Can anyone help me with this?

zt1983811
  • 1,011
  • 3
  • 14
  • 34
user8214181
  • 45
  • 3
  • 2
    Your script is at risk of [SQL Injection Attack](http://stackoverflow.com/questions/60174/how-can-i-prevent-sql-injection-in-php) Have a look at what happened to [Little Bobby Tables](http://bobby-tables.com/) Even [if you are escaping inputs, its not safe!](http://stackoverflow.com/questions/5741187/sql-injection-that-gets-around-mysql-real-escape-string) Use [prepared parameterized statements](http://php.net/manual/en/mysqli.quickstart.prepared-statements.php). – John Conde Jul 07 '17 at 11:41
  • please execute your query using `mysqli_query()`. – urfusion Jul 07 '17 at 11:42
  • `$_REQUEST['user_query']` is array ? – Jaydeep Mor Jul 07 '17 at 11:46

4 Answers4

3

There are some missing single quotes in the join (implode) function:

$user_query = $_REQUEST['user_query'];
$search=preg_split('/\s+/',$user_query);
$keywords = join("','",$search); 
$query = "select * from sites where site_keywords in ('%$keywords%') order by rank DESC ";

Query Without these quotes:

...where site_keywords in ('one,two,three')...

This will not produce any output or error as there are no valid results. The search query is treated as one long string.

Query With these quotes:

...where site_keywords in ('one','two','three')...
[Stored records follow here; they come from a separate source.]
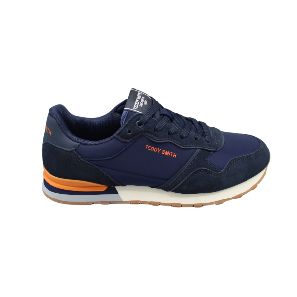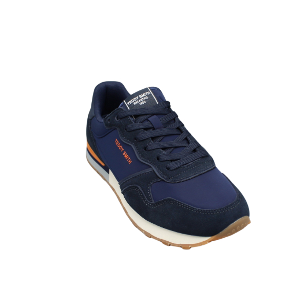 Zapato de hombre estilo casual TEDDY SMITH con cordones. Fabricado en napa sintética combinado con nylon color azul. Suela combi con pieza naranja en el talón.
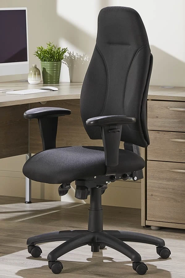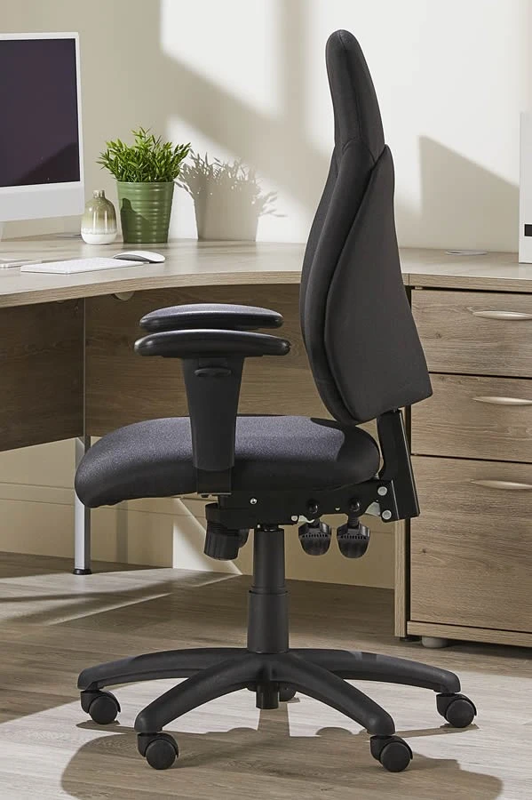 The Esme Ergonomic Fabric Operator Chair with height adjustable arms will suit a multitude of different height and size users.
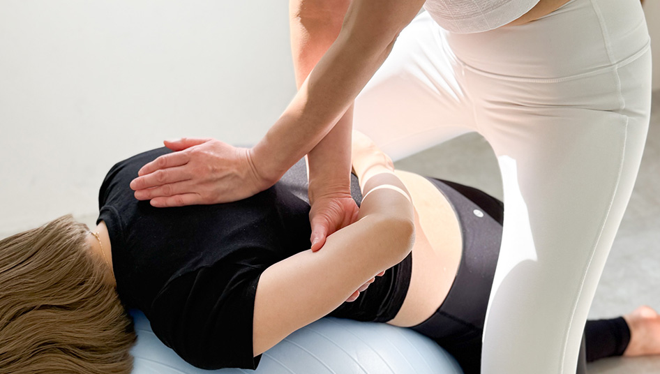 ヨガマットに横になっていただいたり、バランスボールにうつ伏せのままで乗っていただきながら、セラピストがマンツーマンで施術を行います。姿勢や身体のバランスを見ながら優しく丁寧にアプローチしていきます。

Here each query is correctly split in multiple search values.

Cagy79
  • 1,610
  • 1
  • 19
  • 25
  • Suppose user_query="got a doubt in this", then if we're using join function, $keywords becomes got','a','doubt','in','this -- then the query is not searching for got and this. If i'm appending ' before and after, then query is failed. Then how am I supposed to do this? – user8214181 Jul 10 '17 at 04:05
0
$query = "select * from sites where site_keywords in (".implode(",",$keywords).") order by rank DESC ";
Ninad Ramade
  • 256
  • 2
  • 9
0

IN does a literal search, to do a "fuzzy" search you need to do something like:

$query = "SELECT * FROM sites WHERE ".implode(" OR ", array_fill(0,count($search),"site_keywords LIKE ?"); 
 //Query looks like SELECT * FROM sites WHERE site_keywords LIKE ? OR site_keywords LIKE ?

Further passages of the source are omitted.